Each of the composers on tonight’s program wrote music with an intensity and a sense of necessity that are remarkable. From our new “Monday morning” vantage, we can gain a new appreciation of their voices, where they came from, and what they accomplished. For example, each of these composers fashioned an audible originality. Yet they actually were also strongly influenced by their immediate predecessors the founding modernists, particularly those of the second Viennese school, including Arnold Schoenberg, Alban Berg, and Anton von Webern. They did not find themselves drawn to modernism for mere stylistic or careerist reasons. The high point of modernism-from the late 1920s to the mid 1960s-occurred at a time when aesthetic choices were matters of fundamental social, political and ethical principle. Art meant more than entertainment. Gerhard studied with Schoenberg and Hartmann traveled to Vienna to take lessons from Webern. Luigi Dallapiccola dedicated Piccola musica notturna to Hermann Scherchen, a noted champion of radical modernism and a staunch anti-Fascist. Goffredo Petrassi is along with Dallapiccola one of the leading figures of the twentieth-century Italian avant-garde. His music is particularly admired by the leading living exponent of American musical modernism, Elliott Carter.
In a larger sense, the attraction these composers had to the modernist revolution reveals the connection each of them had to their environments. They all shared the conviction that musical expression in the twentieth century had to be adequate to the spirit of the times and therefore progressive. Their idea of progression was firmly grounded in an acute sensitivity to two contemporary stimuli. The first of these stimuli may be understood as the political and cultural realities of modernity. For artists born around the turn of the century, the political and cultural impetus behind any definition of musical style or means of expression was located in the trauma of World War I and in the reconfiguration of Europe in the aftermath of the Versailles Treaty. The emergence of Fascism and the enormous allure of Socialism and Communism coincided with deep uncertainties about the future of democracy and economic security. The Great Depression only further complicated a period of time in which an entire range of political engagement from ideological pacifism to virulent and aggressive nationalism constituted a definitive feature of the environment in which any artist worked. The modernists’ rejection of a surface Romantic expressiveness in music, their strong distaste for sentimentality and the bland, escapist sensibility of Puccini’s imitators and other traditional, conservative forms of music were political and ideological declarations against the tastes and culture of the corrupt society that had almost destroyed Europe.

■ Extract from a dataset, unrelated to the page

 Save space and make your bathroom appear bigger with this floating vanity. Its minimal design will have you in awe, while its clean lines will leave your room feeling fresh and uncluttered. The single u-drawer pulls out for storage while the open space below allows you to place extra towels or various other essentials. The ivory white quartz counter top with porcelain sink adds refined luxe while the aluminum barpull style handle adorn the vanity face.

When one considers the historical era not only in which these four composers came of age, but the years themselves in which the pieces on tonight’s program were written, the intense engagement of their music with the events of the past century becomes even plainer. With the exception of Dallapiccola’s work, all were composed during the 1940s. Two of them-the Coro di Morti and the Symphonic Hymns-speak directly to the horrific realities of World War II. But of all these composers, it is Dallapiccola, Italy’s most distinguished post-war, avant-garde figure, who be can most closely associated in his life and music with the political causes of freedom and justice. For him, as for the others on this program modernism in music went hand in hand with resistance to injustice and dictatorship. While Petrassi’s war time composition was performed close to the date of its creation, Hartmann’s, like much of his output, was a courageous, surreptitious expression of rage and despair that could and would only be heard in public many years later after the defeat of the Third Reich.

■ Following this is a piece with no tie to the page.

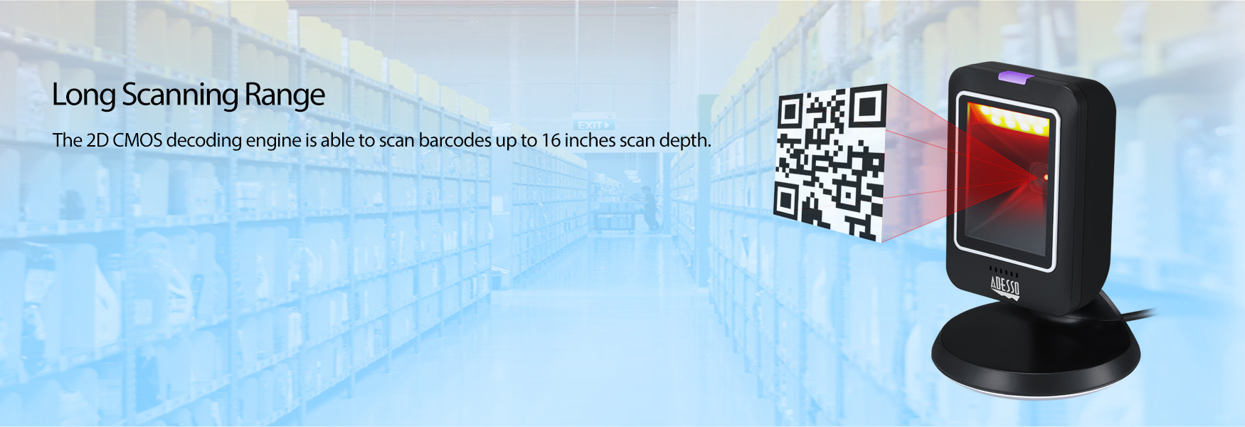 The 2D CMOS decoding engine is able to scan barcodes up to 16 inches scan depth.

The second stimulus in the search for progressive expression in music derived from within the history of music itself. Since the days of Wagner, composers increasingly saw themselves as trapped in the shadow of history. They came to view their own achievements generationally; they were heirs to a lineage and legacy to which their own contemporaries in the concert audience were wedded. Such a view necessarily makes history a heavy burden, and young composers not surprisingly quickly developed a sense of the exhaustion of past models; they sought to create something new. But the conscious search for originality in an overt rejection of inherited models is really only a displaced reference to the past. Indeed, evocations of the history of music abound among the works on tonight’s program. Much of Gerhard’s Violin Concerto carries on a dialogue with previous violin concerti. Alongside quotations from Schoenberg, the startling virtuosity of the violin writing is an ironic encomium to the clichés and achievements of standard violin technique so familiar to concert-goers. Dallapiccola’s affectionate reference is obviously to Mozart. Petrassi evokes the tradition of Italian madrigal, while Hartmann looks back to Haydn and the traditions of Baroque composition.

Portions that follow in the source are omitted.